Congratulations to them! There is a poodle near it (Haddonfield groomer is all I know her by,but poodle Deja is somewhat related to Otter Wildman,so we have hope !)

Martha et al


----------



## lily cd re (Jul 23, 2012)

I am very impressed by anyone who did that title or is very close under the old points schedule. I think there will be a number of RACh's awarded as soon as they recalculate the points.


----------



## Johanna (Jun 21, 2017)

Hey, Catherine,

One of our obedience club members got the Rally Masters title on November 4th. It was a Toller. He had 10/10 qualifying scores and finished with a first place. I was impressed.


----------



## lily cd re (Jul 23, 2012)

That is wonderful. I hope they will go on since it sounds like they are getting nice scores to collect points with from the Master class. I have had a couple of NQs in Master with Lily but I think we have left that behind us and that she will raise her batting average to that of her RAE experience where it only took us about 96 trials to get her 90 double Qs (keeping in mind that there were two times judges messed things up for us, that isn't a bad rate of double Qs.


----------



## lily cd re (Jul 23, 2012)

I saw a link to this in my FB today. It is a very nice story about Bob Fullum and Zorro and their road to the first RACh. https://www.akc.org/expert-advice/s...EVTT8O8tz2eG_RIlfNzT4S_R_DNYdbrrCX-K3VgmhkhF8


----------



## zooeysmom (Jan 3, 2014)

Loved that article, Catherine. Thank you for sharing. Really beautiful!


----------



## lily cd re (Jul 23, 2012)

zooeysmom said:


> Loved that article, Catherine. Thank you for sharing. Really beautiful!

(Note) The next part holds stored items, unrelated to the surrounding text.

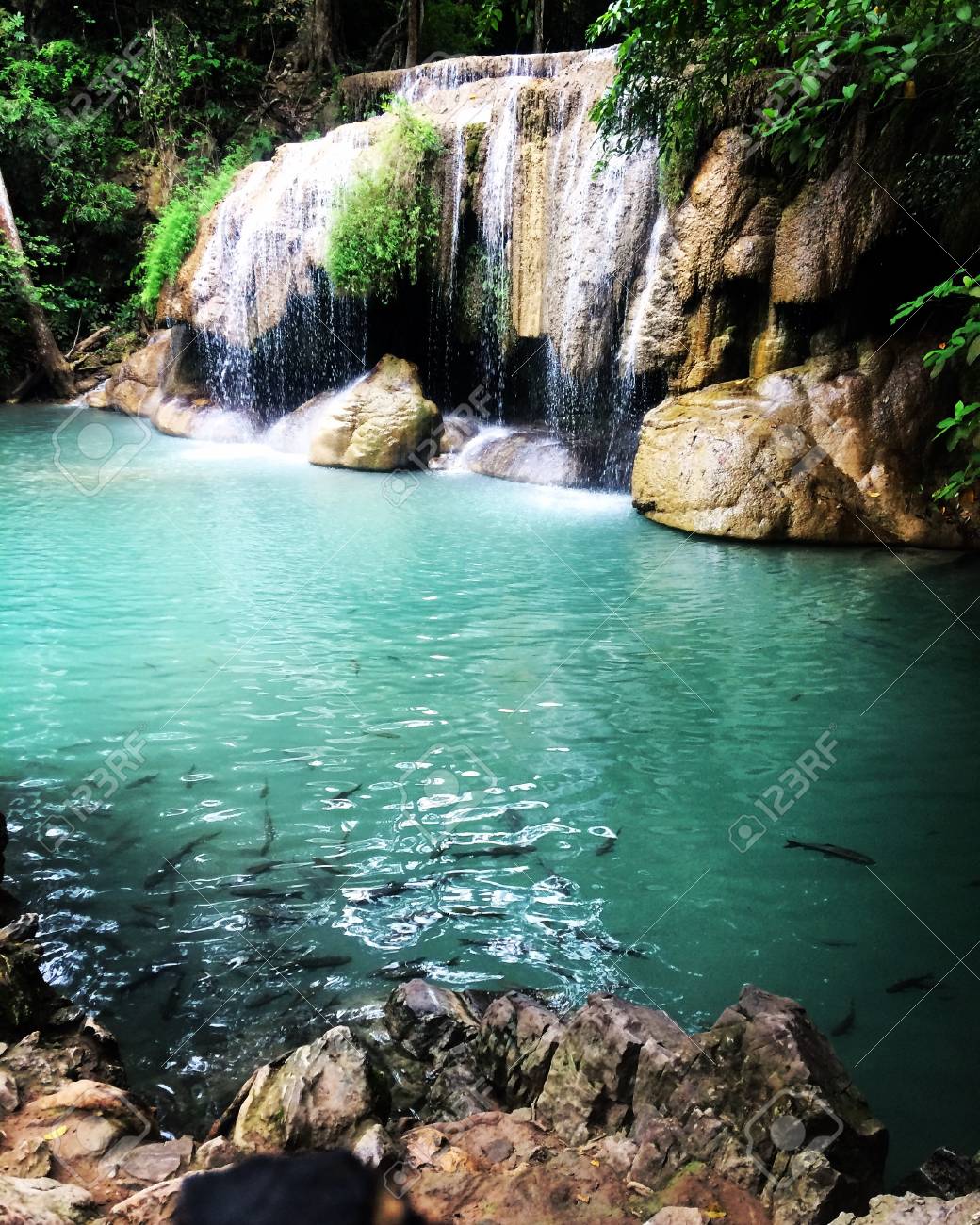 Immagini Stock Priorita Bassa Della Cascata Con Acqua Libera Cascata Tailandia Di Erawan Image 80645152
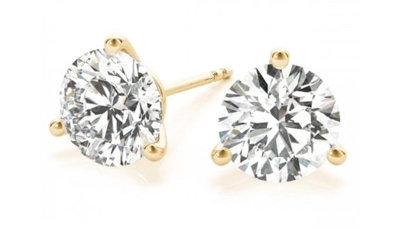 Diamond Stud Earrings Three Prong 14K Gold Martini Setting
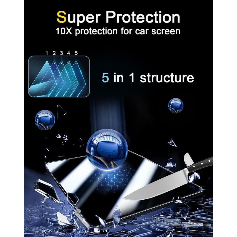 - 10X Protection: KOOGEN's screen protector is made from 9H tempered glass with advanced 5 in 1 structure,which can effectively protect your car touch screen from scratches, and bumps in daily use.
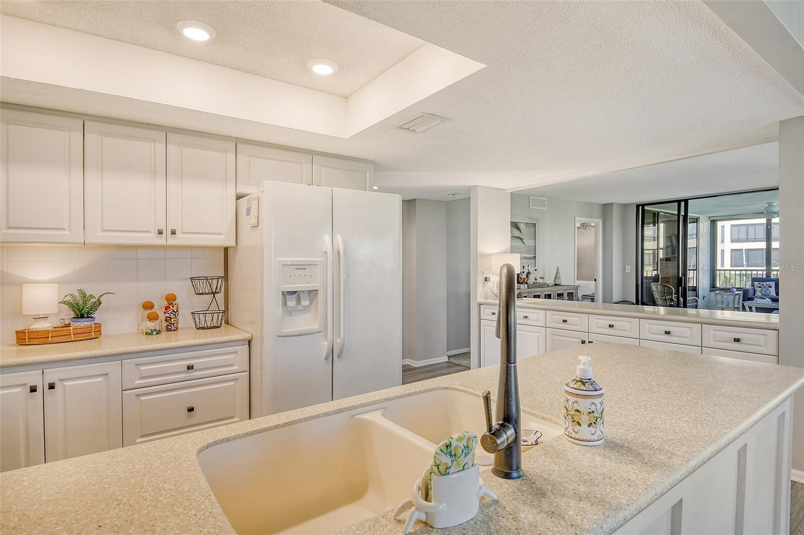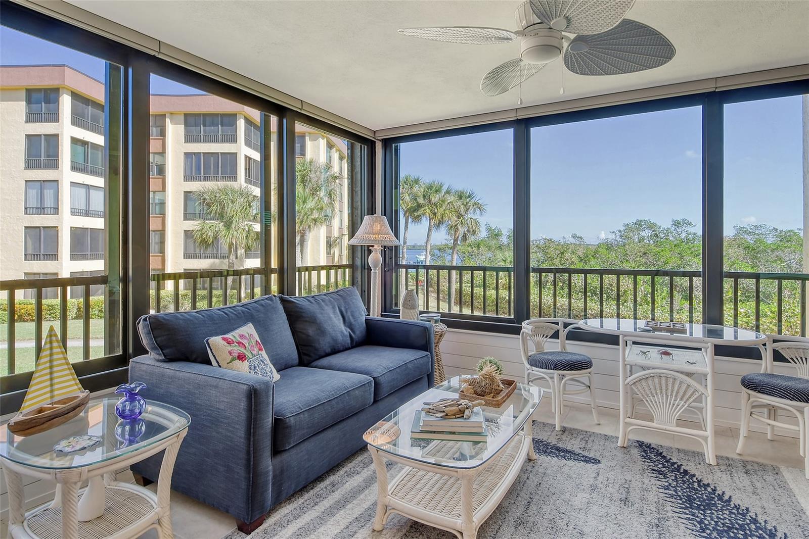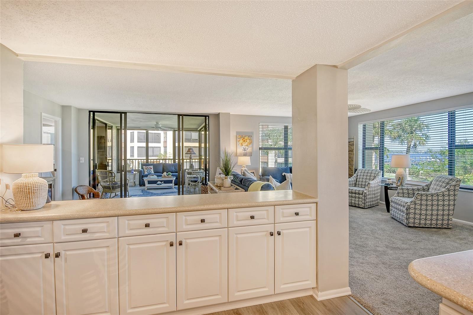This Updated residence is being sold furnished, many quality pieces from Pottery Barn (some items excluded), IMPACT exterior windows. Open floor plan. Two spacious bedrooms, office area , laundry, glassed-in Lanai. Enjoy picturesque Bay views to watch the Sunrise and across the street you can watch Sunsets on the Gulf of Mexico. This larger floor plan with full Bay Views is rarely available. Residents of Island Reef enjoy Boat Docks (lifts allowed), Beach, Two Heated Pools, Tennis, Pickleball, Two fitness Rooms, Saunas, Shuffleboard Courts, Billiards, Library, Clubhouse, Social Room, Gas Grills, Bicycle and Kayak Storage. Carport at front door of building. Guest Parking. Monthly Rentals (8 leases a year) Pet Friendly (30 lbs.) On site management and rental Program. Close to three of Siesta Keys favorite restaurants, Free Trolley to Siesta Village.
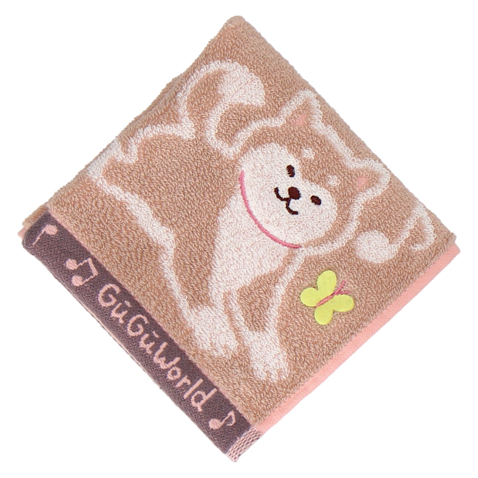 表情豊かな柴犬の姿が愛らしいタオルハンカチ。ちょうちょのアップリケ刺繡がポイントです。プチギフトにもおすすめ。
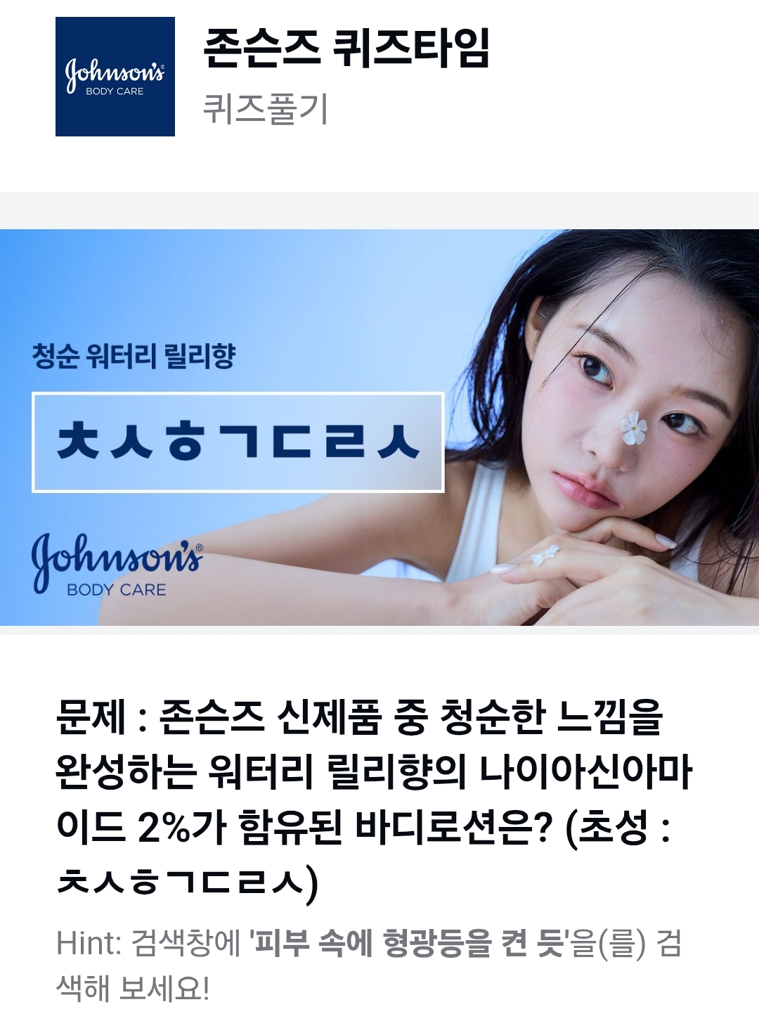 문제 : 존슨즈 신제품 중 청순한 느낌을 완성하는 워터리 릴리향의 나이아신아마이드 2%가 함유된 바디로션은? (초성 : ㅊㅅㅎㄱㄷㄹㅅ)

Bob really is just the nicest person and his friendship with Oliver and his adoption of Carly after his passing really says it all!


----------



## MollyMuiMa (Oct 13, 2012)

Thank You for sharing that article. So beautifully written it made me cry!


----------



## mashaphan (Sep 4, 2014)

I was already in tears at the lead picture's caption,and it blossomed from there! What a wonderful story,what an inspirational team. Anyone who trains with Bob is lucky.

Martha et al


----------



## lily cd re (Jul 23, 2012)

Martha, Bob sometimes works as a match judge at Top Dog. It is nice to get in his ring since at most of the places we match most of the judges are women. He also has a nice way of telling you what he sees and also will do whatever oddball thing you ask him to do like strange heeling patterns and repeating things several times, etc.


----------



## Click-N-Treat (Nov 9, 2015)

Today I watched a dog earn RaCh at our trial today. Couldn't tell the breed, but it was exciting. Cross your fingers, next weekend my friend Carol and her Rottweiler are two triple q's away from RaCh!


----------